Wrapped Apple – Cinnamon – Stollen

by Editorial Staff

Summary

Prep Time 1 hr
Total Time 3 hrs
Course Baking
Cuisine European
Servings (Default: 1)

Ingredients

For the dough:

  • 375 grams flour
  • 1 packet yeast (dry yeast)
  • 100 g suar
  • 100 ml milk
  • 1 teaspoon cinnamon
  • 1 egg (s)
  • 125 g butter

For the filling:

  • 4 apples
  • 250 g raisins, soaked
  • 0.5 ½ bottle rum flavor
  • 1 tablespoon butter
  • 1 tablespoon sugar
  • 75 g butter
  • Powdered sugar, for dusting
Wrapped Apple – Cinnamon – Stollen
Wrapped Apple – Cinnamon – Stollen

Instructions

  1. Sift the flour into a bowl and make a well in the middle. Put the yeast, sugar, cinnamon and egg on the edge of the flour and mix everything with a dough hook. Add the butter, then work everything on the highest level into a smooth dough in about 5 minutes. Cover the dough and let it rise in a warm place until it has visibly enlarged. (1-2 hours)
  2. Wash, peel and core the apples and cut into small pieces.

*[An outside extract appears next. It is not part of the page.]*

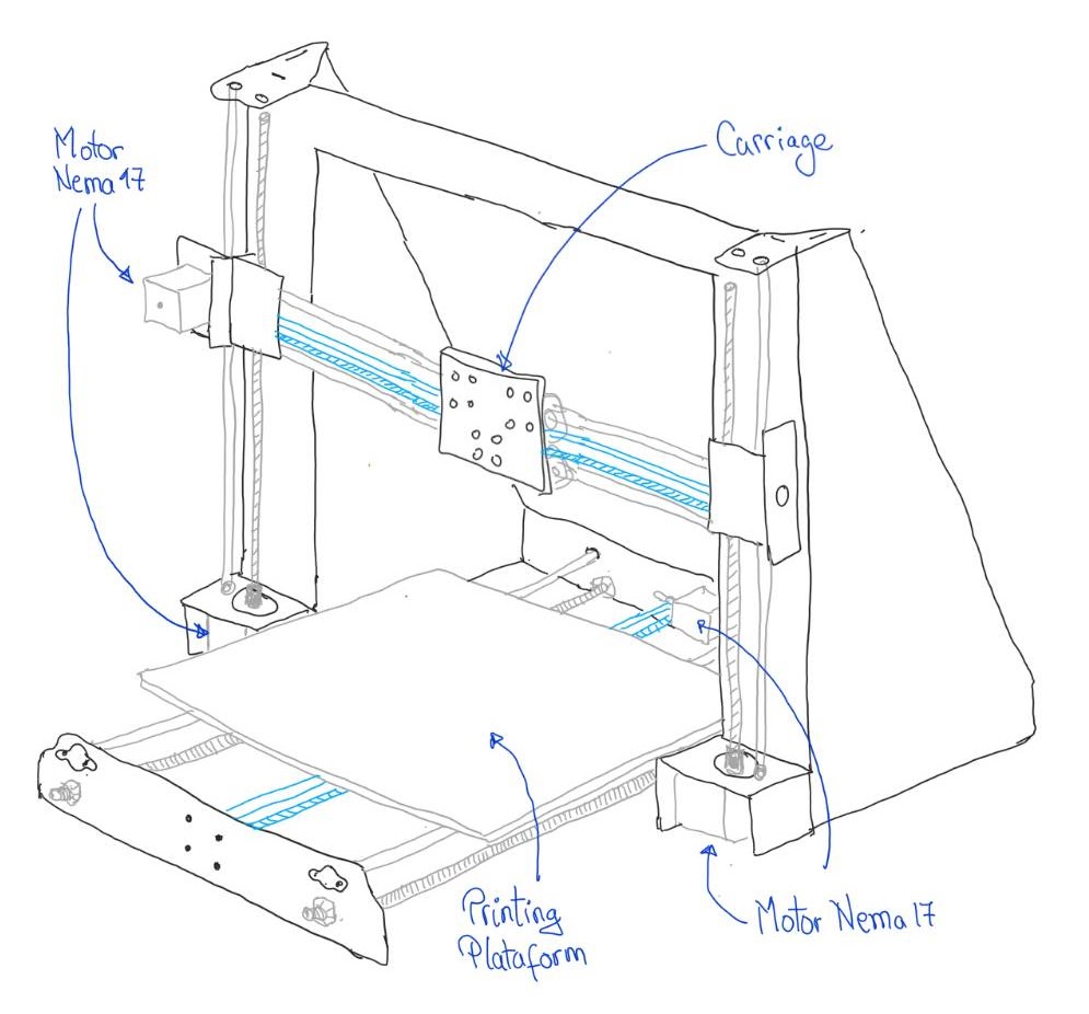 Based on the current models of the most commercial 3D printers, we propose the present sketch:

Lightly sauté the apple pieces with sugar, cinnamon and butter while stirring and stir in the soaked raisins, let the filling cool down a little.
  3. Roll out the dough to the size of a tray on a lightly floured work surface.
  4. Spread the apple filling on the dough so that 10 cm of the dough remains free on the upper short side and approx. 2 cm on the other sides. Fold the narrow edges over the apple filling.
  5. Roll up the dough from the shorter side that was folded over, place on a baking sheet lined with baking paper and let rise again.
  6. Meanwhile preheat the oven to 250 ° C.
  7. Turn down to about 175 ° C and bake for about 45-50 minutes.
  8. Melt butter. Immediately after baking, brush the stollen with half of the butter and dust with powdered sugar.
  9. Let cool a little and repeat the process.